En el Quijote hay cientos, miles de burlas. Burlas entre, de y hacia muchos personajes, pero sobre todo dirigidas a Sancho Panza y muy especialmente a Don Quijote, el loco, el blanco perfecto. No podía ser de otra manera cuando la intención declarada de Cervantes es la de parodiar los libros de caballerías. Los dos personajes principales, los supuestos caballero andante y escudero, no pueden librarse de las más, mayores, mejores y peores burlas de cuantas se hacen a lo largo de la historia. El humor burlesco forma parte de la estructura de la narración cervantina. Burlas por esto, por aquello y por lo de más allá, burlas a tutiplén. Burlas finas, y burlas de muy grueso calibre. Burlas de todo género y condición.
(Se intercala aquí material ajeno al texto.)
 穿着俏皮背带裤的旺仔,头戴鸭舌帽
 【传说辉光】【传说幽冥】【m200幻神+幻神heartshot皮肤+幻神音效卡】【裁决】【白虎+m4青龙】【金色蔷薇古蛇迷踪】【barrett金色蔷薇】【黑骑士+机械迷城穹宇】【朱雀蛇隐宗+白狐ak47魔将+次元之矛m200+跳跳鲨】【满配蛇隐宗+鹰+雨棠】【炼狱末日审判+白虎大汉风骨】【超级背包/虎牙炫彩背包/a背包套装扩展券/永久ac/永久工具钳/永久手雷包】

Aunque quizá, se pueden distinguir dos tipos fundamentales de burlas hacia los dos ‘héroes’: 1) las burlas que dirigen otros personajes a Don Quijote y Sancho en el contexto de la acción y los sucesos (que con independencia de su mayor o menor tosquedad en función de la alcurnia del personaje, suelen ser muy crudas, irrespetuosas, incluso agresivas y violentas), y 2) las burlas irónicas con un sentido del humor mucho más refinado que se producen en los diálogos del caballero y el escudero, y las que hace el narrador o narradores de la historia. De estos dos tipos de burlas, las primeras pueden entenderse como fiel reflejo del sentido del humor real predominante en la época, del humor que había a comienzos del siglo XVII. Mientras que las segundas, como reflejo no menos fiel del particularísimo sentido del humor irónico de Cervantes.
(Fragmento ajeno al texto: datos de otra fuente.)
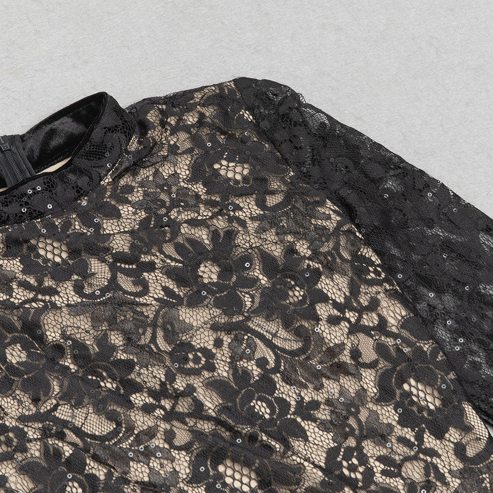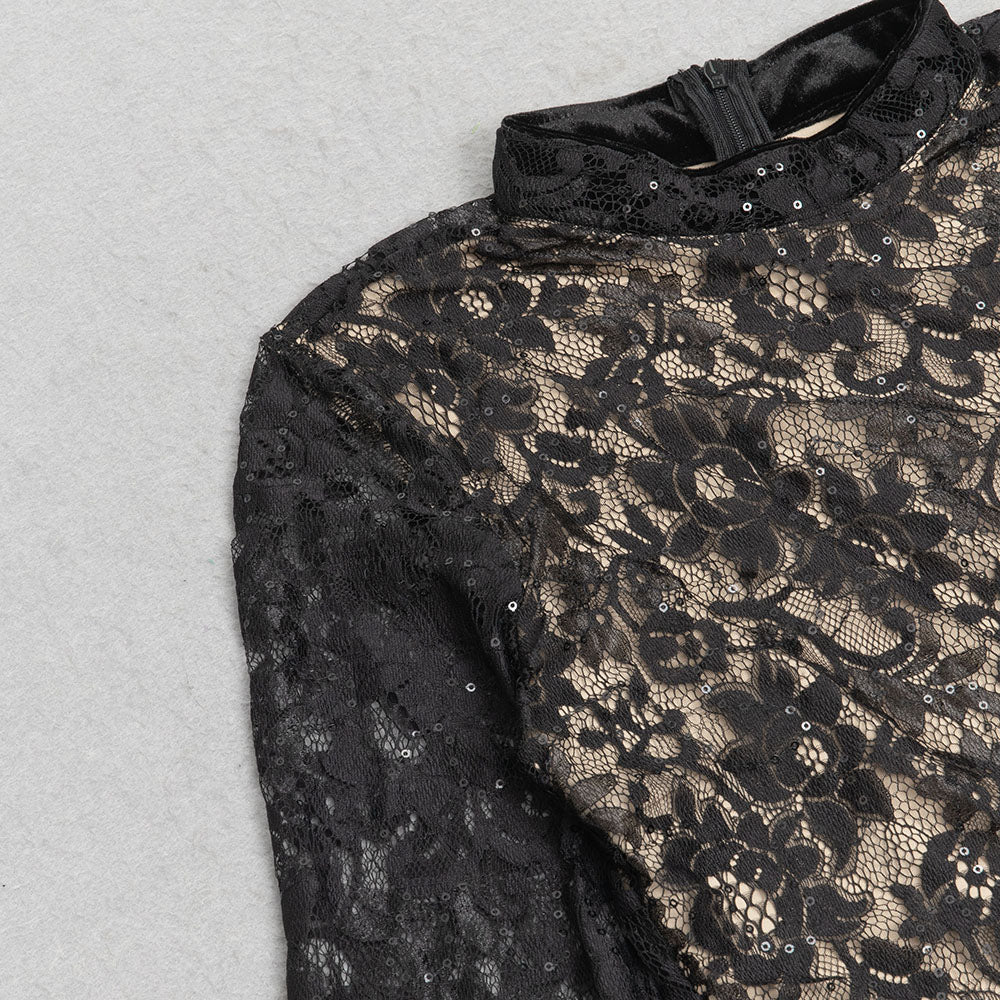 LONG SLEEVE SEQUIN LACE DRAPED MAXI VELVET DRESS IN BLACK

Don Miguel somete de manera implacable a sus dos personajes principales a la dura ‘prueba de realidad’ de las burlas de otros muchos personajes, hasta el punto de parecer en ocasiones despiadado con ellos. El principio de comicidad es sagrado para él, nunca lo incumple. Cervantes tiene casi una obsesión por entretener, por agradar, por hacer reír, pues parece totalmente convencido de que es imprescindible, condición necesaria, para tener éxito de público. Y de este principio literario, y de la intención paródica, se deriva una paliza monumental a Don Quijote y a Sancho Panza propinada por la ‘realidad’ del entorno que les rodea. Monumental paliza que reciben de las incesantes burlas que forman parte esencial de la comicidad del texto. Hasta tal punto es inmisericorde en aprovecharse del lado morboso del humor basado en reírse de las desgracias ajenas (perfectamente desarrollado ya en su época, como sigue estándolo en la actualidad en los shows y realitys de la TV, la infinidad de memes de Internet que nos inundan a diario, y algunos humoristas muy famosos), que su continua repetición lleva a interrogarnos sobre si Cervantes tenía como rasgos de su propia personalidad los que en el Capítulo VIII atribuye a Sancho Panza: “bien es verdad que soy algo malicioso y que tengo mis ciertos asomos de bellaco.” Lo mismo, quizá, que la mayoría de las gentes de su tiempo… y del nuestro.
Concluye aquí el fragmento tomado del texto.